Differences between the HIV-2 groups A and B
In the CT coding region, the SE (normalized by the natural log of the number of sequences) was similar between the HIV-2 groups A and B, except in the Kennedy-like region and at the beginning of the LLP-3 that was absent in sequences from group B. In the Kennedy-like region the mean SE was 50% higher in group A (Figure 5; region B group A and B Table 3), while the corresponding nucleotide sequence of the group A was more variable (region B group A and B, Table 4).
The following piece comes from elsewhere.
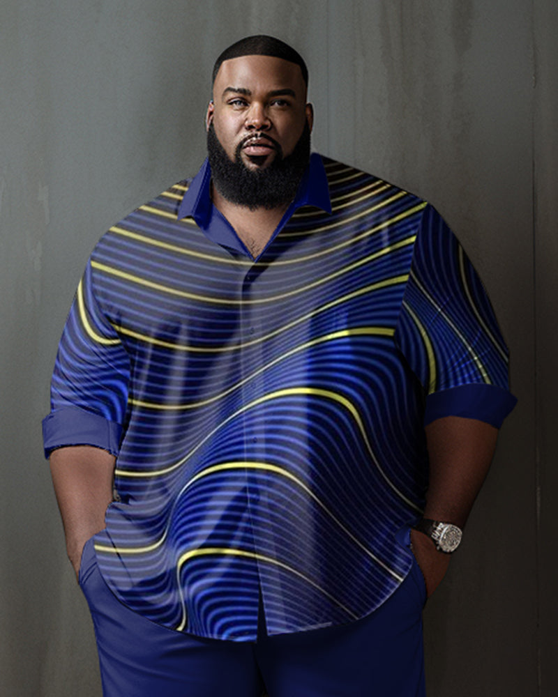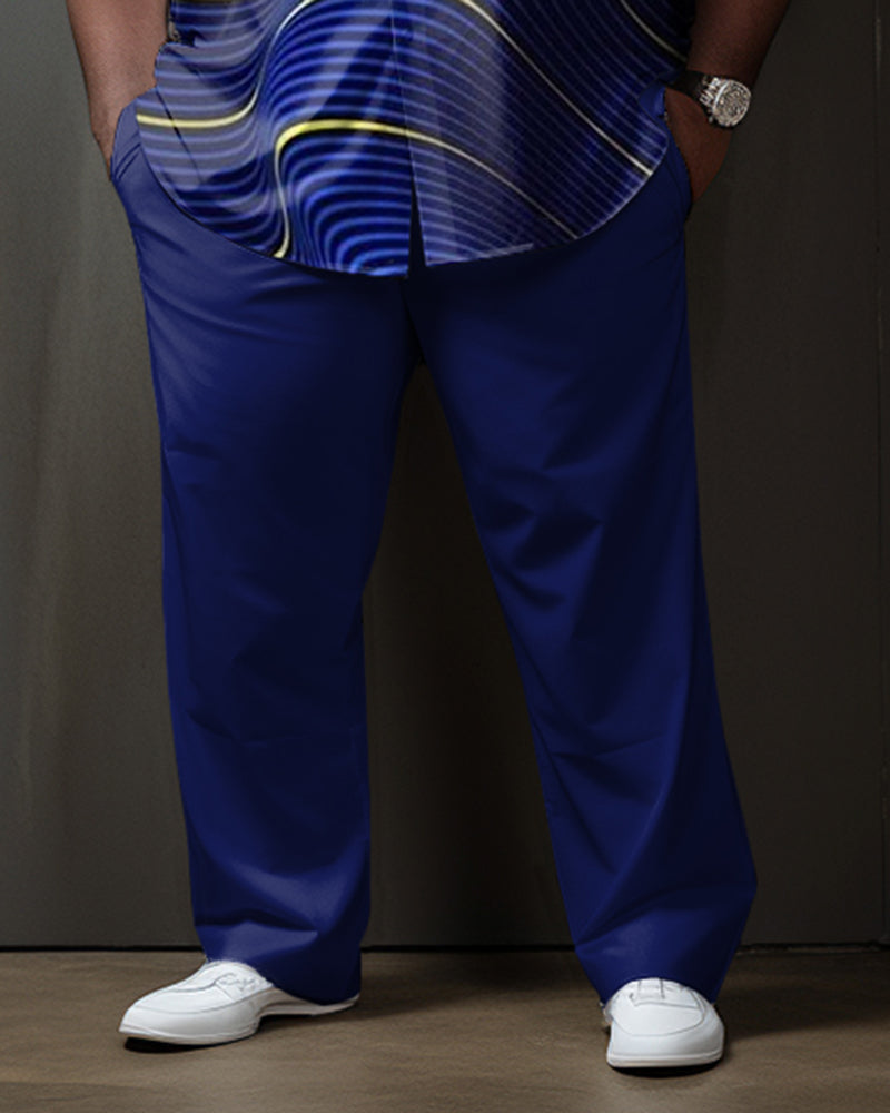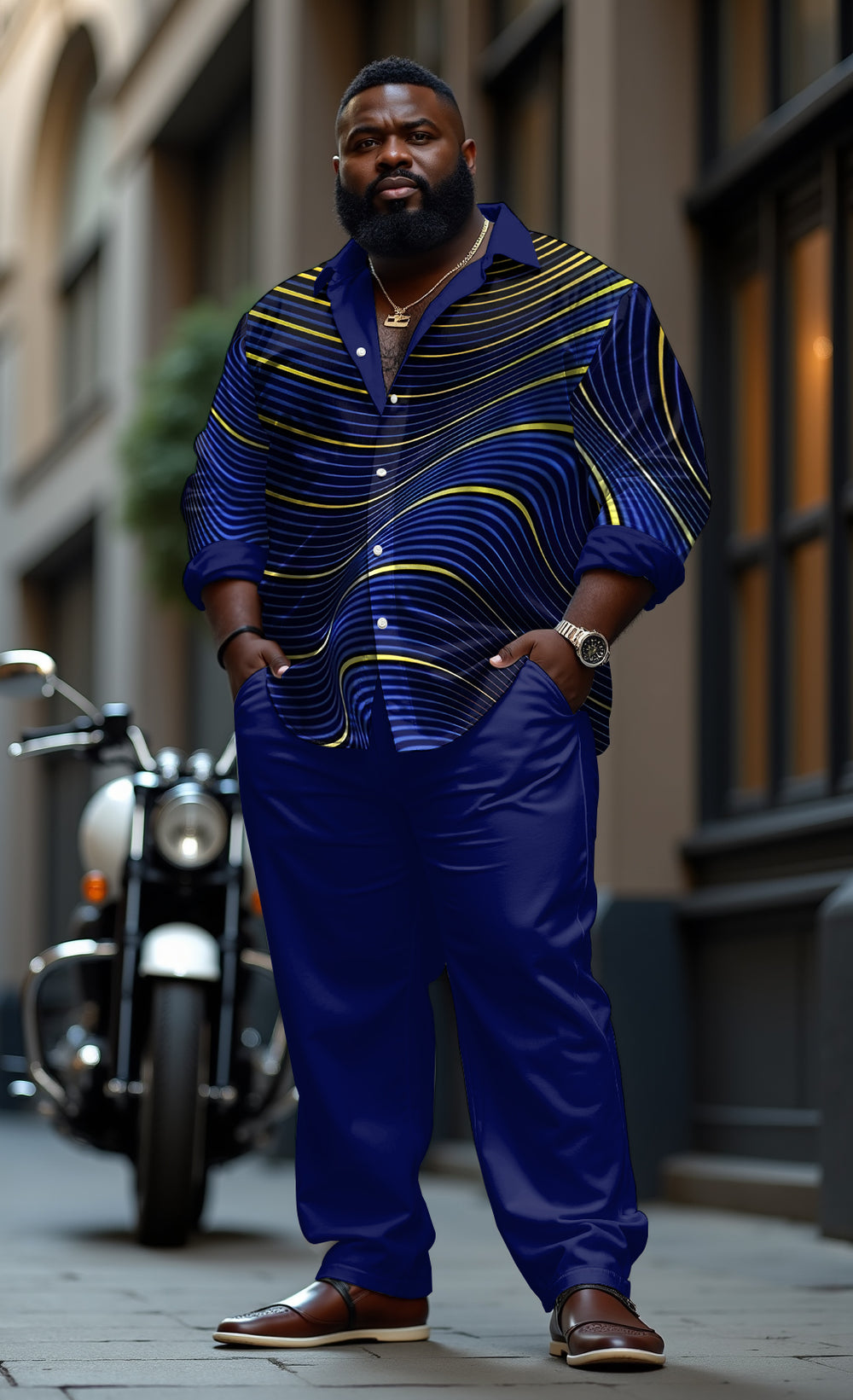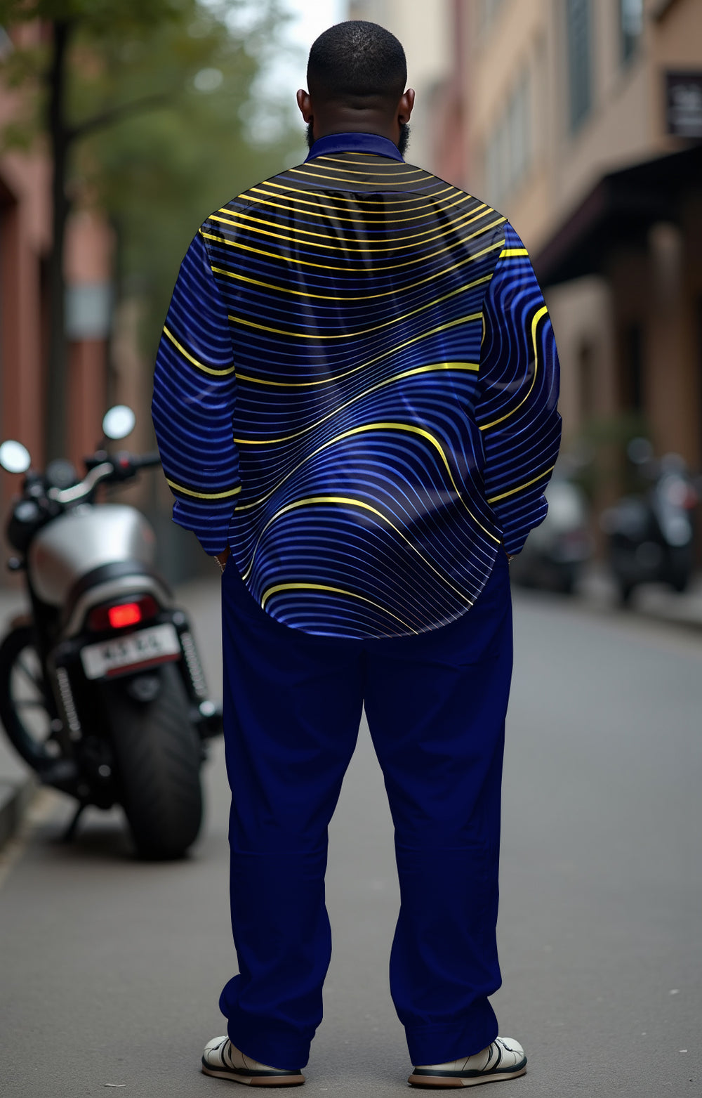 This blue set shows the unique charm of the . Printed with golden lines, this set is more refined and three-dimensional. The loose cut brings excellent comfort and the large size design is particularly friendly for big guys. This set can easily cope with different occasions, allowing you to show confidence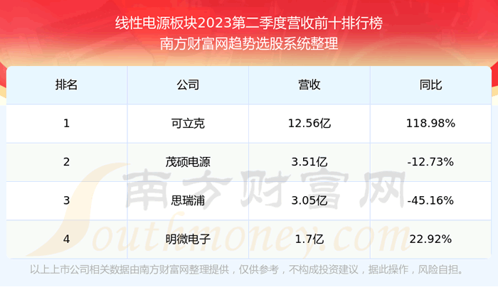 按照趋势选股系统统计,该股所属板块为线性电源板块,该板块共有4只股票,明微电子2023第二季度营收在该板块中排名为第4名,该板块2023第二季度营收排名前十的股票如下表:

This also means that the polypeptide expressed by the 2nd exon of tat was more conserved in group B. We also observed differences in the group B env N3, which were significantly more variable than the group A env N3 in the coding region of the hydrophobic region (region C group A and B, Table 4). However, this difference did not lead to differences in CT variability. Finally, in most of the group A sequences the 2nd exon of rev was two times smaller than its counterparts in group B creating an overlap with nef. This additional overlap had no consequence in the nucleotide variability (Nef group A and B, Table 4).
Figure 5
Normalised SE plot of the CT by HIV-2 group.
19 sequences from group A and 8 from group B are included. By contrast to the Figure 2, the SE are normalized by the natural log of the number of sequences to remove the entropy factor due to the sequences number. The lines represent the moving average of 10 positions (blue: group A, red: group B). The colours and letters below the plot represent the different studied regions: A: The first conserved region containing the endocytosis signal, B: The region containing the Kennedy-like sequences, C: The hydrophobic region, D: LLP-2 region, E: LLP-3 region, F: LLP-3 / LLP-1 inter-region, G: LLP-1 region + position 166 for the stop codon.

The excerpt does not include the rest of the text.